The Webb City High School (abbreviated WCHS) serves students in ninth through twelfth grade, and is located at 621 North Madison Street in Webb City. The school is well known for its successful academic and athletic programs. In 2013, U.S. News & World Report ranked the school as the 17th best out of 560 high schools in Missouri. The school encompasses various facilities, including a gymnasium and storm shelter known as the Cardinal Dome (which opens to the public during severe weather), a football field known as the Cardinal Stadium, a swimming pool, a performing arts center, a library and media center, and a Mercy health clinic. WCHS has a highly successful athletic program that competes in the Central Ozark Conference and is governed by the Missouri State High School Activities Association (MSHSAA).

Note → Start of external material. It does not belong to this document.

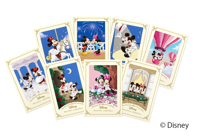 さらにうれしいお楽しみも!すべての箱に、記念のポストカードがはいっています。いろんな場面でデートを楽しむミッキーマウスとミニーマウスを描いた、全8種類のデザイン。お部屋に飾るのはもちろん、スイーツと一緒に写真に撮っても絵になる雰囲気です。ランダムに2点セットされていますので、どのカードに出会えるかお楽しみに!
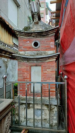 新莊敬字亭,位於文昌祠前,剛好被臨時搭建的棚架擋住,無法拍攝正面。原路回捷運新莊站,續搭786公車。H9m |

====Webb City Alternative School====
The Webb City Alternative School is an alternative high school that caters to non-traditional students who care for their children, work, or have problems in a regular learning environment. It is located at 600 Ellis Street in Webb City near the Crowder College campus.

== Recognition ==
In 2010, the district was ranked 3rd best nationally in communities with median home prices below $100,000.
GreatSchools wrote:
"The Webb City High School Cardinals are nearly invincible in football; they've won eleven state championships in the past 25 years. Academically, Webb City schools are recognized as an "outperformer" by Standard and Poor's because they've exceeded state expectations in 13 of the past 14 years. Webb City taxpayers are willing to invest in scholastic excellence — they recently approved a $2 million bond to build four additional classrooms."